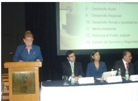
Presentación de la Agenda Legislativa, Pluralidad que Construye
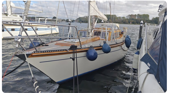
Baltika Decksalon SY 4
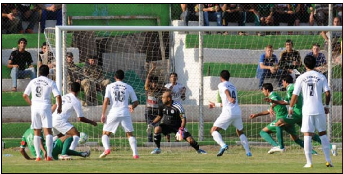
الزوراء يستعيد استقراره وتوازنه في النخبة

حتى تكون حالة الانسجام واضحة بين خطوط الفريق، لذلك فإن قلة الانسجام في بداية الدوري هي التي أدت إلى حصول بعض الهفوات، لكن في المباريات الأخيرة بدأ الانسجام يفرض نفسه بين كل خطوط الفريق، ما أدى إلى تحسّن المستوى العام وكذلك النتائج وكلما يتقدم الدوري تكون صورة الزوراء أفضل.
..............................
Prompt –
Set down the full listing above with its wording unchanged. Leave out its images.

Response to this exercise –
Presentación de la Agenda Legislativa, Pluralidad que Construye
Baltika Decksalon SY 4
الزوراء يستعيد استقراره وتوازنه في النخبة

حتى تكون حالة الانسجام واضحة بين خطوط الفريق، لذلك فإن قلة الانسجام في بداية الدوري هي التي أدت إلى حصول بعض الهفوات، لكن في المباريات الأخيرة بدأ الانسجام يفرض نفسه بين كل خطوط الفريق، ما أدى إلى تحسّن المستوى العام وكذلك النتائج وكلما يتقدم الدوري تكون صورة الزوراء أفضل.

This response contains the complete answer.